妻は周りにとても愛されていた。
その証明かの様に葬式に来ていた何十人という人が泣いていた。
私はそんな人たちを優しい目で見る妻の遺影をただじっと見ることしかできなかった。
葬式も終わり、骨となった妻と、こちらを微笑む遺影を家の仏間に置く。
泊まると言い張る子どもたちには帰ってもらった。
いつもこの空間にはもう1人いたはずなのに今部屋には私1人しかいない。
「寂しくなったな…」
「病気なら仕方ないですよ」
そっと小さな声で呟いた独り言に返事が返ってきた瞬間、1人の空間が崩れた。
後ろを振り返ると、襖の側に由美さんが立っていた。
“すみません、インターホン押したんですが、ドアが開いていたので勝手に浸入しました”そう言いながら由美さんは襖を閉めると、私の隣に座った。
2人で遺影をじっと見つめる。
『……なぁ、由美さん』
沈黙を破ったのは私から。
『はい』
『春時という男性は誰ですか?』
『え…?』
隣に座る由美さんを見ると、私が発した“春時”というワードで動揺していることに目にとれた。

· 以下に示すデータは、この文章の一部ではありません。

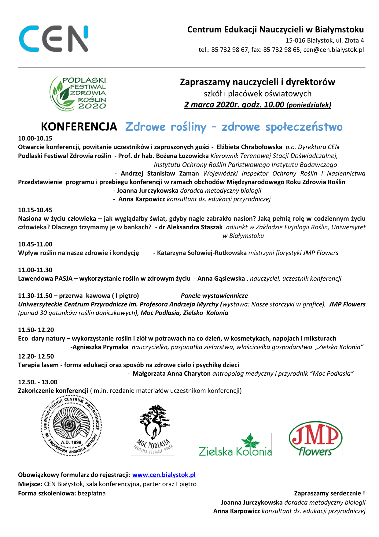 Centrum Edukacji Nauczycieli w Białymstoku organizuje konferencję skierowaną do nauczycieli, dyrektorów szkół i placówek oświatowych pt. ,,Zdrowe rośliny – zdrowe społeczeństwo”. Jest to jedno z wydarzeń w ramach Podlaskiego Festiwalu Zdrowia Roślin. Szczegóły w linku. Więcej informacji znajdą również Państwo na stronie Centrum Edukacji Nauczycieli w Białymstoku.

『妻は最後に春時という方の名を呟いて亡くなりました。
私はその方が気になるのです』
由美さんの目を真っ直ぐ見て、素直に気持ちを伝えると、由美さんは気まずそうに口を開けた。
『…春時さんは、あの子が誰よりも愛していた方でした』
誰よりも愛していた人?
どういうことだ。
確かに私と妻の始まりは見合いだった。
最初は私も妻もお互いを愛していなかったはずだ、
けれど一緒に時を過ごし、少しずつ愛を育んでこれたと思っていた。
妻も私を愛してくれているのだと思っていた。